_What is being asked_. Please set down each of the lines below once more, exactly, omitting all pictures.

_Recorded information_.
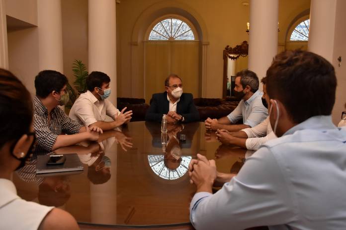 Tassano, junto al secretario de Desarrollo Económico, Juan Esteban Maldonado Yonna y al subsecretario de Desarrollo de Economías Urbanas, Francisco Ingaramo, recibió en la oportunidad a Eduardo y Laura Cena, propietarios de la firma Che Cambá Materiales, que prevé la instalación de una conformadora y plegadora de chapas en el parque industrial; a Juan Tarragó y Diego Cheme, de Promacon – Velas del Litoral, el cual llegará al predio con una fábrica de velas; y a Hilda Páez, de Ingeniería y Gestión (asesoramiento profesional a empresas).
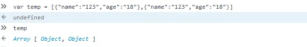 var temp = [{"name":"123","age":"18"},{"name":"123","age":"18"}]
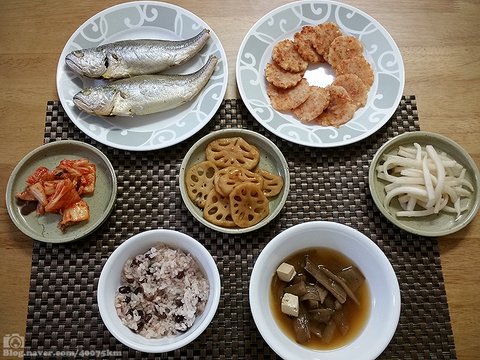 나름 시간 들여가며 열심히 준비했는데도 반찬, 특히 동물성 단백질이 부족하다는 생각에 조기도 두 마리 쪄 냈지요.

_Written answer_.
 Tassano, junto al secretario de Desarrollo Económico, Juan Esteban Maldonado Yonna y al subsecretario de Desarrollo de Economías Urbanas, Francisco Ingaramo, recibió en la oportunidad a Eduardo y Laura Cena, propietarios de la firma Che Cambá Materiales, que prevé la instalación de una conformadora y plegadora de chapas en el parque industrial; a Juan Tarragó y Diego Cheme, de Promacon – Velas del Litoral, el cual llegará al predio con una fábrica de velas; y a Hilda Páez, de Ingeniería y Gestión (asesoramiento profesional a empresas).
 var temp = [{"name":"123","age":"18"},{"name":"123","age":"18"}]
 나름 시간 들여가며 열심히 준비했는데도 반찬, 특히 동물성 단백질이 부족하다는 생각에 조기도 두 마리 쪄 냈지요.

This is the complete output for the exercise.